Nonlinear local piezoelectric deformation in ferroelectric thin films studied by scanning force microscopy

Local piezoelectric deformation is investigated in (Pb,La)TiO3 (PLT) and Pb(Zr,Ti)O-3 (PZT) thin films via scanning force microscopy (SFM) as a function of the ac voltage V-ac applied between the conducting tip and the bottom electrode. Thus obtained voltage dependence of the effective piezoelectric coefficient (local piezoelectric nonlinearity) is compared with the corresponding macroscopic piezoelectric behavior determined by laser interferometry. As expected, the local piezoresponse of PLT films measured inside uniformly polarized areas (ferroelectric domains) remains almost linear with increasing V-ac until the driving voltage becomes comparable with the coercive one. The corresponding macroscopic response is substantially nonlinear, suggesting significant contribution from the motion of 90 degrees domain walls. On the contrary, in PZT films the local piezoelectric behavior is strongly nonlinear, whereas the macroscopic piezoelectric coefficient is almost field independent. Moreover, depending on the polarity of probed as-grown domains, the local piezocoefficient of PZT films is found to display either enhancement or reduction with increasing ac voltage.
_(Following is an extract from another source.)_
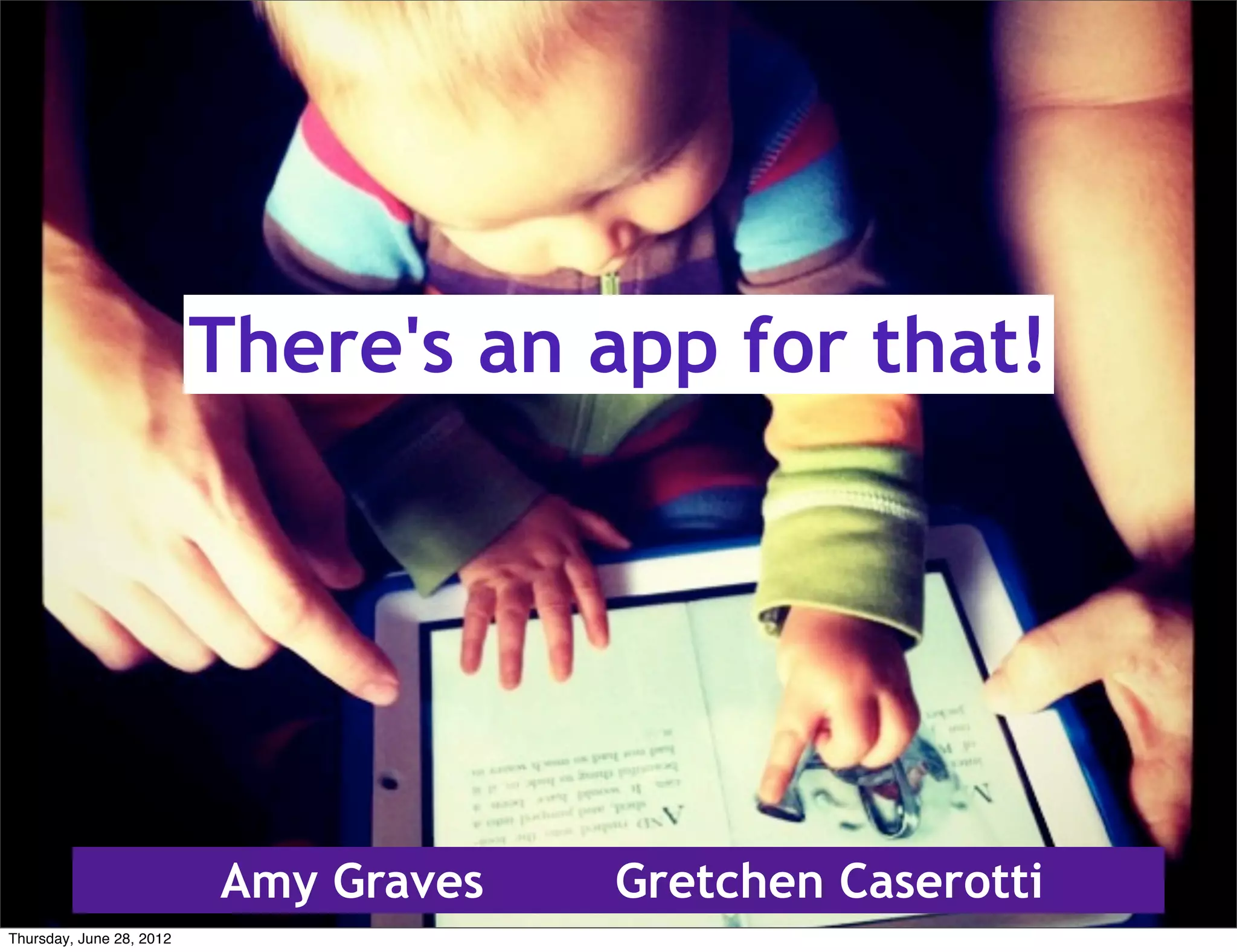 The document discusses various technology programs and apps for enhancing literacy and learning in public libraries, focusing on initiatives for children and adults. It highlights different storytime formats incorporating iPads, as well as recommended apps for reading and creative activities. Additionally, there are descriptions of coding clubs and suggestions for finding quality educational apps.
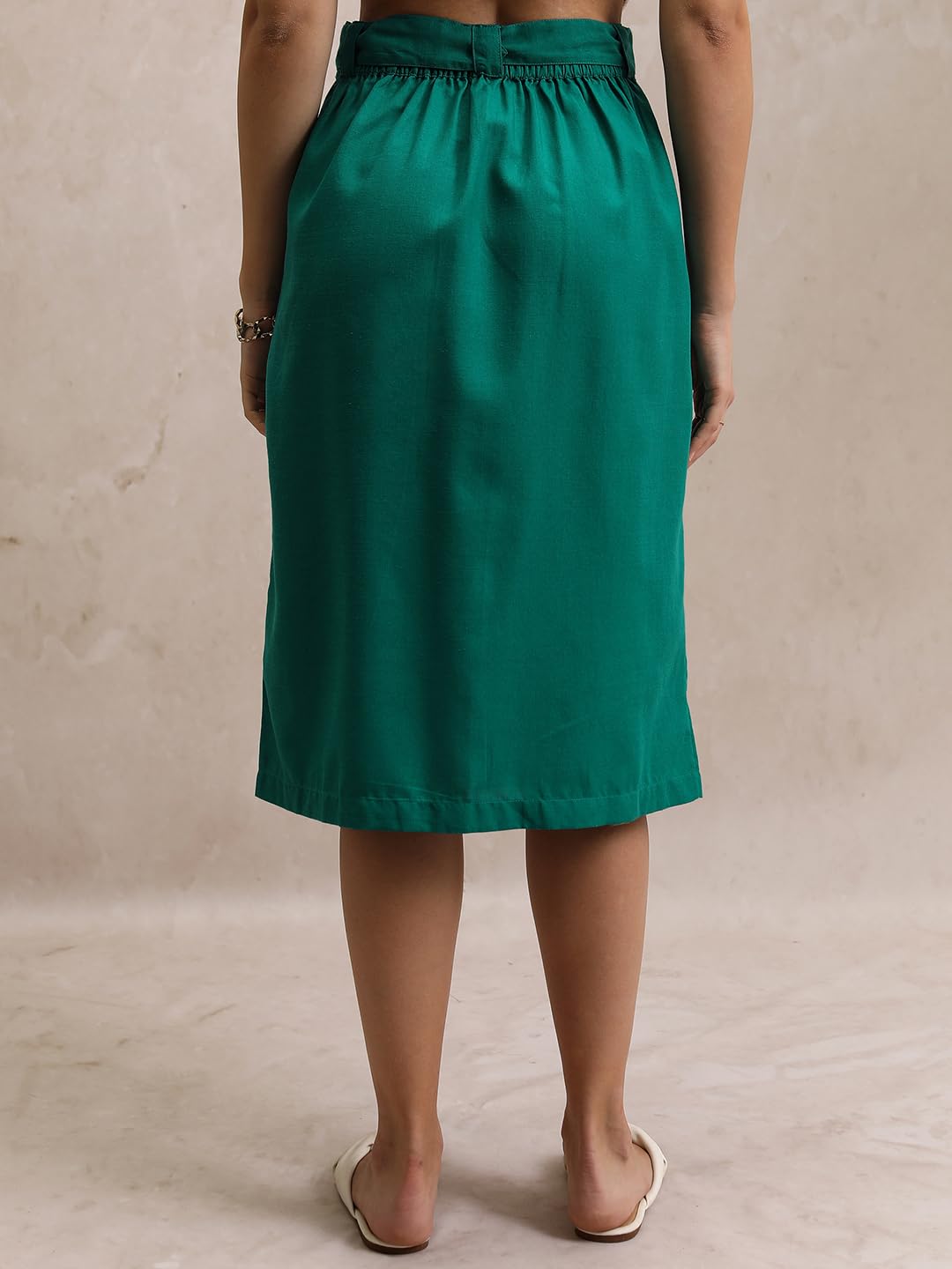 Tokyo Talkies Women Proud Peacock Solid Buttoned Midi Skirt

The positive domains (i.e., domains having polarization vector pointing to the film-free surface) are often unstable with increasing V-ac and switch into the opposite polarization state under an ac voltage several times smaller than that required for global polarization reversal. This effect is explained by the presence of charged domain boundaries below the surface and their local depinning induced by external field. It is envisaged that SFM can be used not only for polarization mapping of ferroelectric surfaces but also as a probe for studying local polarization profiles beneath the SFM tip. (c) 2005 American Institute of Physics.